Metadata-Version: 2.1
Name: lwpipe
Version: 2.1.0
Summary: lightweight pipeline for numerical experiments
Home-page: https://github.com/estshorter/lwpipe
Author: estshorter
License: UNKNOWN
Platform: UNKNOWN
Classifier: License :: OSI Approved :: Apache Software License
Classifier: Programming Language :: Python :: 3.7
Classifier: Programming Language :: Python :: 3.8
Classifier: Programming Language :: Python :: 3.9
Description-Content-Type: text/markdown
Provides-Extra: develop
License-File: LICENSE

[![PyPI version](https://badge.fury.io/py/lwpipe.svg)](https://badge.fury.io/py/lwpipe)
[![license](https://img.shields.io/pypi/l/lwpipe)](https://github.com/estshorter/lwpipe/blob/master/LICENSE)
[![python](https://img.shields.io/pypi/pyversions/lwpipe)](https://badge.fury.io/py/lwpipe)

# Overview
**lwpipe** provides a lightweight pipeline for numerical experiments.
For example, this module can be used in preprocessing steps of machine learning.
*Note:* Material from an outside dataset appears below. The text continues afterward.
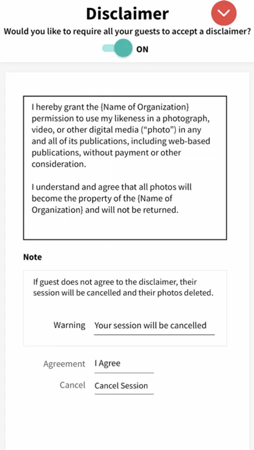 For corporate events, setup a custom disclaimer and/or survey to display to guests and require them to accept before proceeding with their photo booth session.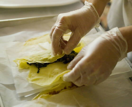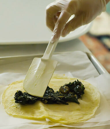 After that, the rest is easy. The spinach crepes were spread with a mixture of spinach and mushroom filling…

Preprocessing consists of several steps, some of which take time to execute. In this case, it is common in the trial-and-error stage, such as numerical experiments, to dump the calculation results of the computationally-intensive steps and load them in the later programs to reduce the time required when the later steps are changed. This module reduces boilerplate code for file IO in the use cases above.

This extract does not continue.